== Provided data ==
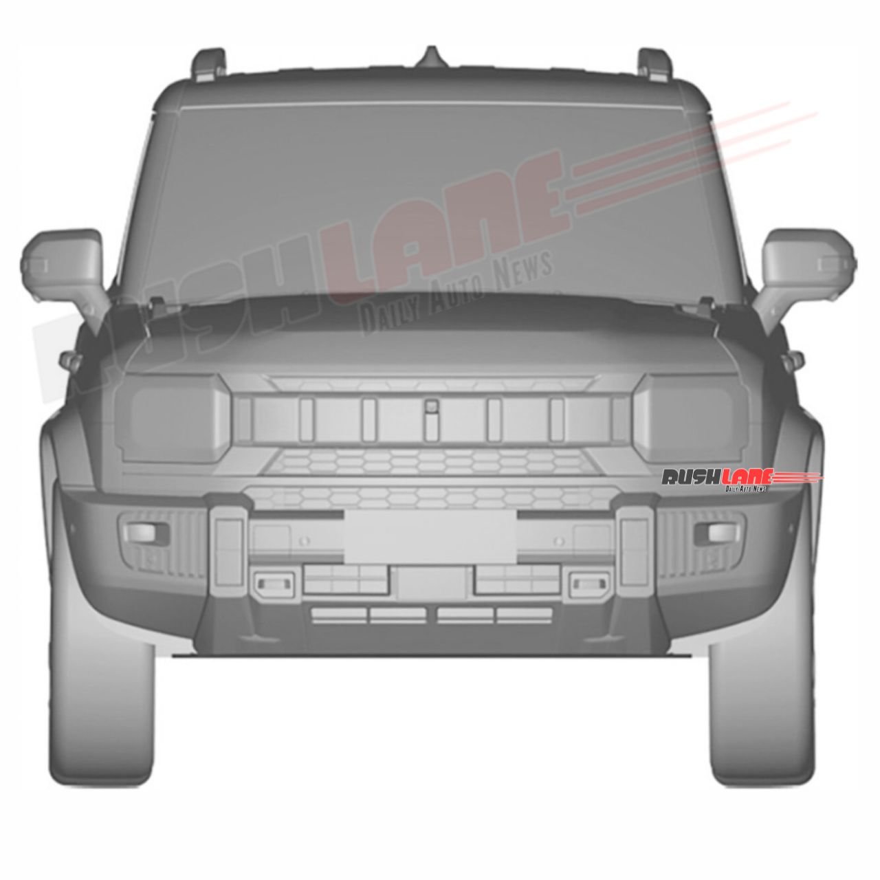 The alloy wheel design shown in the patent images looks similar to the one seen with the international-spec model. At the rear, the SUV features vertically stacked tail lamps, T2 badging, a flat tailgate and a thick bumper. The tailgate houses a spare tyre, which is fully enclosed for protection with a sturdy cover.
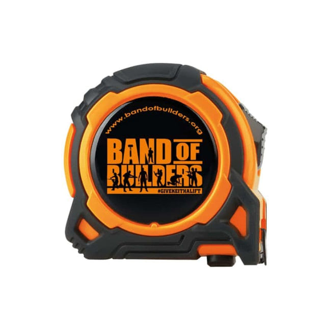 The Band Of Builders Tape Measure has a non-reflective blade with both metric and imperial blade markings. Fitted with a three rivet, true zero end hook. The ABS plastic case and rubber outer protect the tape from damage. There is also a handy belt clip. Designed in the UK. Donation made to Band of Builders from each sale. UKCA/CE Approved. Class II Accurate.
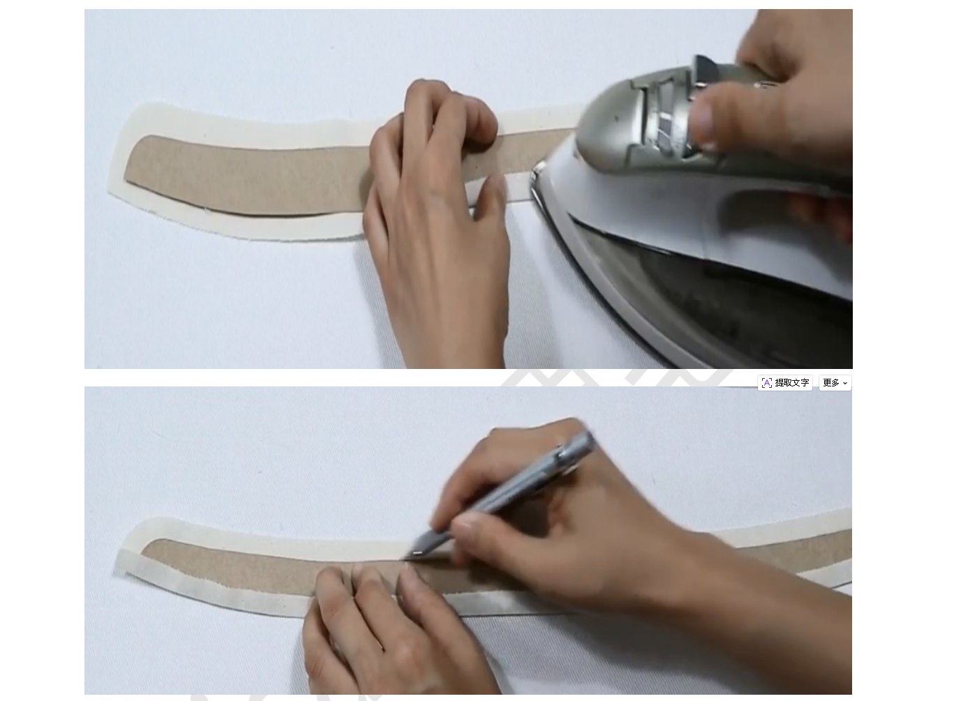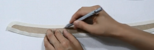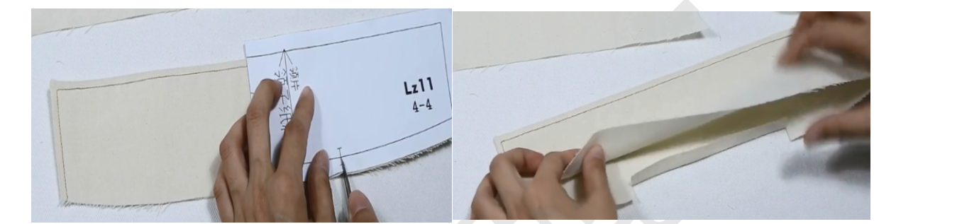 3、领子烫衬:贴近脖子的内层是领底,外层是领面。领面反面烫衬,记号笔画出上沿缝份,下沿缝份内折烫平
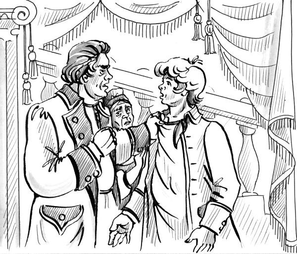 Скотинин. Митрофан! Ты теперь от смерти на волоску. Скажи всю правду; если б я греха не побоялся, я бы те, не говоря ещё ни слова, за ноги да об угол. Да не хочу губить души, не найдя виноватого.

== Work request ==
Go back to the line that contains "The Band Of" and copy it, along with each line after it through the end of the listing above, exactly and without pictures.

== Response box ==
 The Band Of Builders Tape Measure has a non-reflective blade with both metric and imperial blade markings. Fitted with a three rivet, true zero end hook. The ABS plastic case and rubber outer protect the tape from damage. There is also a handy belt clip. Designed in the UK. Donation made to Band of Builders from each sale. UKCA/CE Approved. Class II Accurate.
 3、领子烫衬:贴近脖子的内层是领底,外层是领面。领面反面烫衬,记号笔画出上沿缝份,下沿缝份内折烫平
 Скотинин. Митрофан! Ты теперь от смерти на волоску. Скажи всю правду; если б я греха не побоялся, я бы те, не говоря ещё ни слова, за ноги да об угол. Да не хочу губить души, не найдя виноватого.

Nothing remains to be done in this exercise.